Saindo fora do amor por ele, me senti como um pelicano tentando sair de um derramamento de óleo: avançando, caindo, me levantando, tentando novamente. Mas mesmo se o pássaro se liberta, suas penas continuam manchadas, marcadas para sempre. Percebi que, até que a dor de amá‐lo não me interessasse mais, eu não seria capaz de seguir em frente. Por que a dor era tão interessante? Parecia que a chave para a minha alma estava enterrada ali dentro. A enormidade incomparável da ferida implorava por atenção.

Arrumando consolo em outras compulsões, fiz muitas listas. Listas de prós e contras. Listas do que eu perdia perdendo‐o e do que perderia se tivesse ficado com ele. Listas do que ganhei, do que alcancei, com quem me encontrei. Elas não significavam nada, essas listas, mas me davam algo para fazer enquanto chorava. Percebi que eu tinha que mudar a fim de não querê‐ lo. Quem eu tinha me tornado queria apenas ele. Eu tinha de me tornar outra pessoa, novamente.

Foi assim que meu antigo eu morreu, foi assim que o matei. Mas ele não partiu em silêncio pela noite. Não, ele se enfureceu até o aniquilamento com uma última explosão de dor ardente. Dor para parar a dor. Mas talvez o masoquismo nunca se cure, apenas troque de forma. Objetos diferentes, manifestações diferentes. Eu tinha medo de não conseguir ser feliz sem minha dor. Mas eu tinha de direcioná‐la para fora de mim agora; por dentro eu estava ensopada até os ossos.

Depois de um tempo comecei a trepar com homens de novo — um por um. Não sendo mais obediente, comecei a dizer a eles como fazer — "assim", "assado" — e eles faziam. Tendo sido escrava do Rei, era totalmente Rainha com eles, dando ordens a meus bobos da corte, mesmo quando fechava os olhos e fingia que eles eram ele. Às vezes funcionava. E quando funcionava, era horrível: as lágrimas corriam pelo meu rosto enquanto eles achavam que eu estava em êxtase. Qualquer caso depois do Grande Primeiro não é apenas outro estado de luto, prolongado e disfarçado como alguma forma de continuidade ou bravura, quando não há nem uma nem outra?

Mas eu não deixei mais ninguém — e alguns tentaram — entrar em meu jardim sagrado dos fundos.
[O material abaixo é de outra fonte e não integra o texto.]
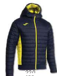
339 DARK NAVY/ YELLOW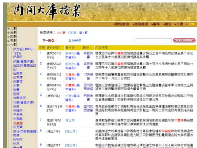
圖 6 明清檔案人物排序樣式

Agora um túnel de desespero, ele tinha se

tornado solo sagrado, um campo de batalha quieto, mas cheio de fantasmas. Se aquelas paredes falassem... Imaginei que ninguém mais jamais entraria ali. Como eles poderiam conquistar esse direito? Quem jamais seria merecedor? Quem, em sã consciência, jamais ousaria?